Agents of Treachery by Otto Penzler

Agents of Treachery by Otto Penzler

Author:Otto Penzler [Penzler, Otto]
Language: eng
Format: epub
ISBN: 9780307477521
Publisher: Vintage Books
Published: 2010-06-01T04:30:00+00:00


MAX IS CALLING

Gayle Lynds

VIENNA WAS COLD that spring, and dreary. The sixteenth-and seventeenth-century buildings of the Innere Stadt stood like sentinels against time, cloaked in a chilly mist. Dressed in rain gear, businesspeople and students, hausfrauen and doktoren hurried through pools of yellow lamplight, umbrellas bobbing. Only the cafés and pubs could be counted upon for gaiety. The last refuge, they were bustling of course. The rich aromas of coffee and beer scented the gray air.

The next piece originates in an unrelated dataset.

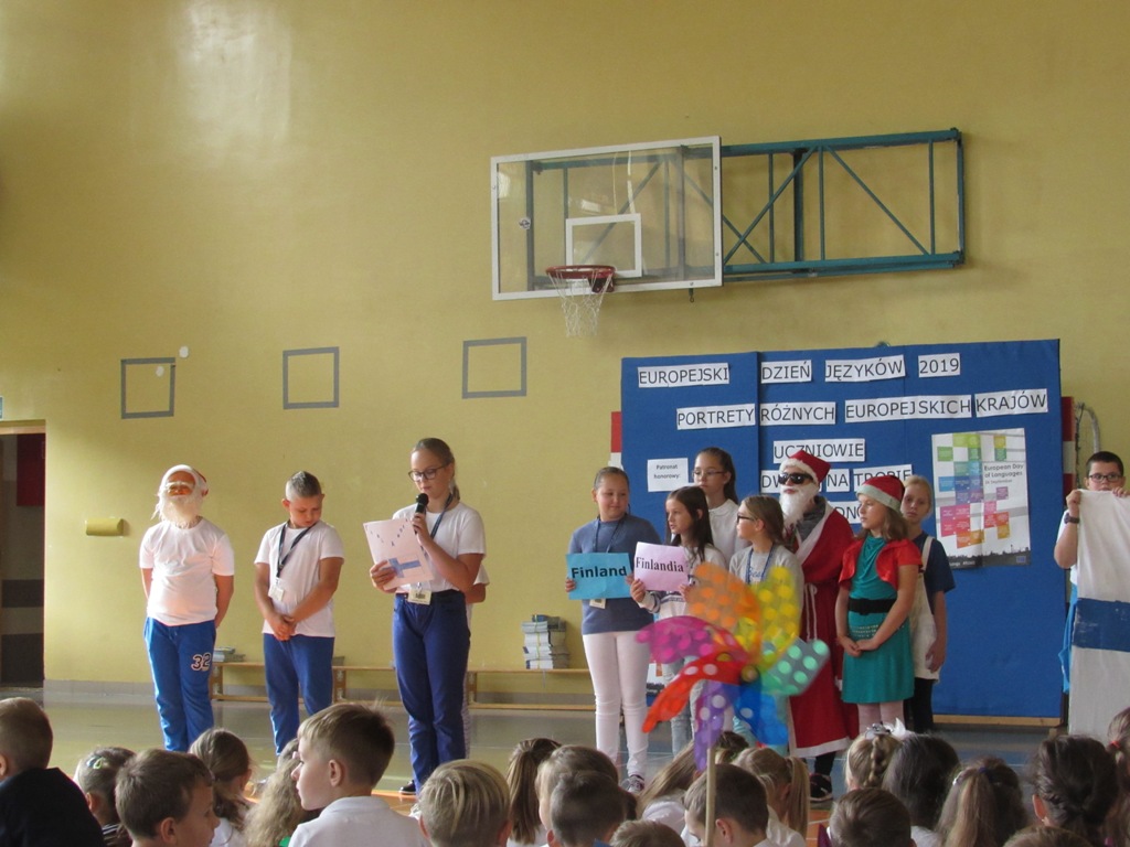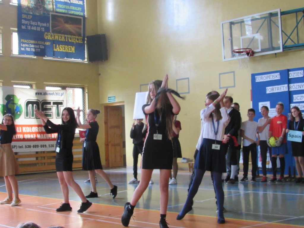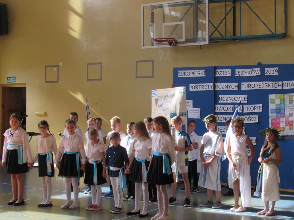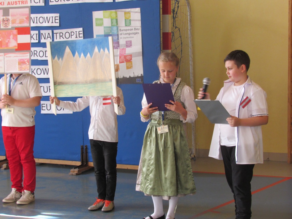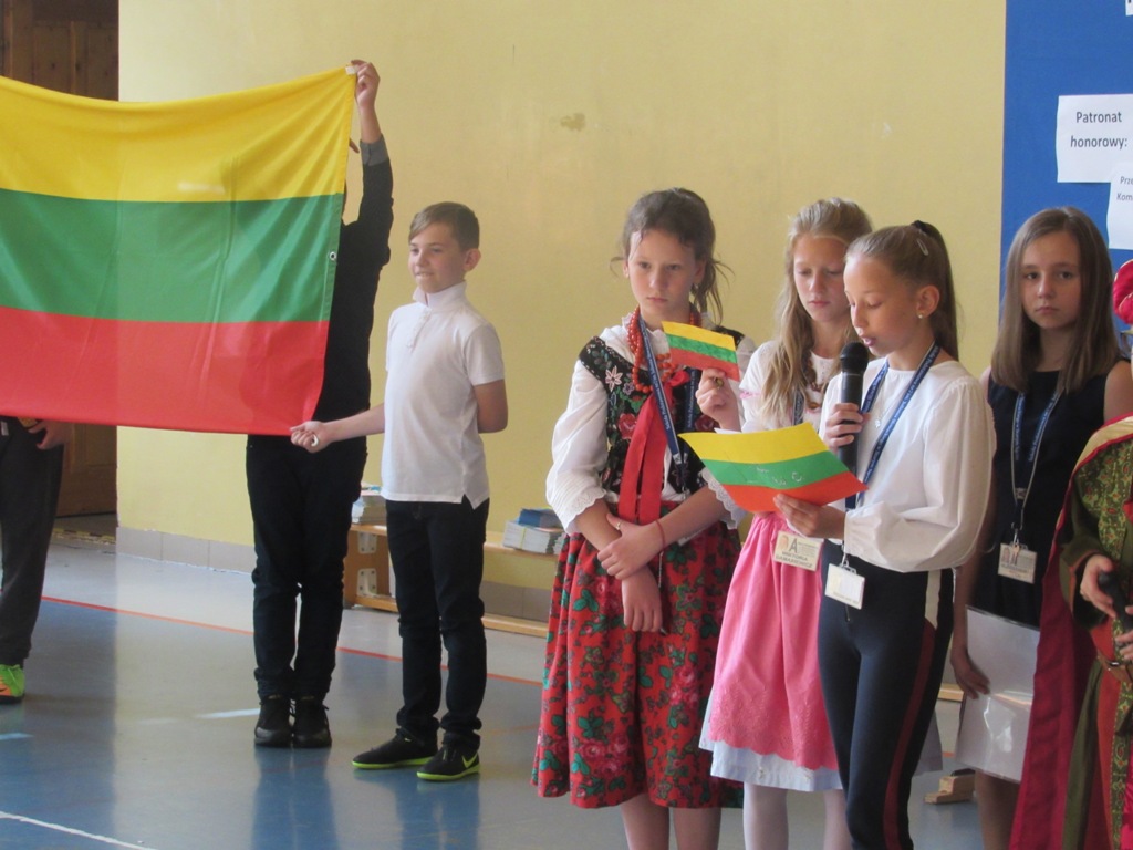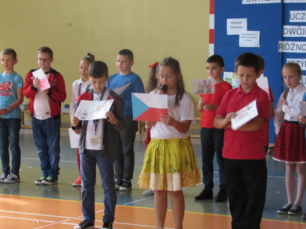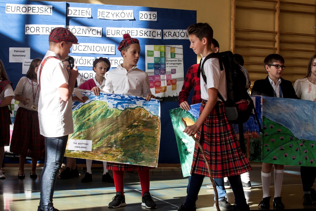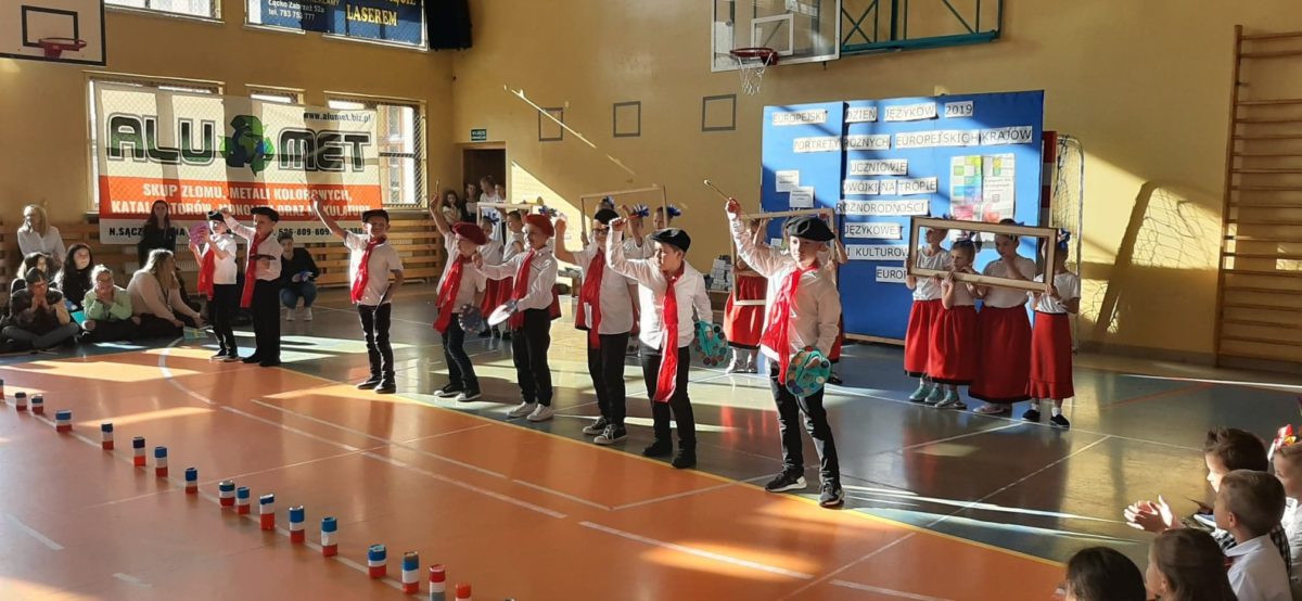 Gdy we czwartek, 26 września, w szkole rozbrzmiały dźwięki „Ody do radości”, na sali gimnastycznej pojawiły się wszystkie klasy wraz z nauczycielami. Każda klasa reprezentowała jeden z 16 europejskich krajów objętych projektem. Uroczysty przemarsz reprezentacji z 16 europejskich krajów rozpoczął szkolny finał projektu. Szymon Kostrzeba i Piotr Damasiewicz z kl. VIa ubrani w tradycyjne stroje szkockie w towarzystwie Wiktorii Damasiewicz z kl. Va w stroju litewskim powitali obecną na sali gimnastycznej dyrekcję szkoły, uczniów oraz nauczycieli. Przypomnieli również, iż nie tylko podczas Europejskiego Dnia Języków, ale każdego dnia, należy pamiętać o tym, że inny język to inna wizja świata. Finał szkolnego projektu pod patronatem honorowym Przedstawicielstwa Komisji Europejskiej otwarła dyrektor szkoły, Wioletta Nowak. Część artystyczną, podczas której wystąpiły wszystkie klasy poprowadziła Amelia Tokarczyk z kl.VIIIa.

Watching carefully all around, two men in dark trench coats moved quickly past St. Stephen’s Cathedral, its Romanesque entrance alight. The old city of Strauss and Mahler, Freud and Klimt felt like a dream, an exciting dream to one of the pair—Bayard Stockton. But then he was with Jacob “Cowboy” Crandell, a Langley undercover legend, in a city storied for its espionage.

As Bay had learned, the Viennese were a melancholy lot, relentlessly self-absorbed with their glorious past of the Hapsburg empire. Flamboyant fatalism, some called it. But then they had survived the Nazis and the Cold War to become the political ground zero of east and west, north and south. Some seventeen thousand diplomats operated in the city, a full one percent of the population—and about half had links to intelligence services.

They worked at embassies and global agencies such as OPEC, the IAEA, and the UN. From business to government, Langley wanted to know what they were thinking, who was on the take, who was in line to get the next contract, and the peccadilloes, peculiarities, and vulnerabilities of all players and potentials. Naturally, Vienna was awash with foreign agents. The freewheeling ones occasionally murdered in broad daylight, while the authorities, who often knew them, looked the other way. As it had historically, Vienna handled everything diplomatically, especially when a political connection existed.

Bay loved it. Fresh from Langley’s grueling training courses, he had been there two exhilarating months. He was young for the business, only twenty-five, a wiry man not quite six feet tall. His collar was up against the frigid damp, and a black beret covered his head, wavy red hair showing beneath. There was nothing unusual about his smooth face, his blue eyes, or his shaved chin, which was just the way he liked it. In his pocket was an unmarked envelope containing 5,000 euros—about $6,250—which made anonymity even more important tonight.

“Stop walking like an athlete,” Cowboy rumbled under his breath. “Dammit, boy, you should’ve learned that in CIA 101. Rolling off your feet shows the strength of your muscles and your training. The Viennese are always looking around, which means they’re going to check you out. Don’t give them a reason to remember you. What were you—a runner? The one hundred?”

Bay blinked. In his enthusiasm for being with Cowboy and his mission tonight he had forgotten himself. “Yeah, the hundred.” And free weights, of course. But he did not mention that. He flattened his feet, tightened his joints.

Cowboy’s cool blue eyes appraised him. Then he dipped his big head in a short nod.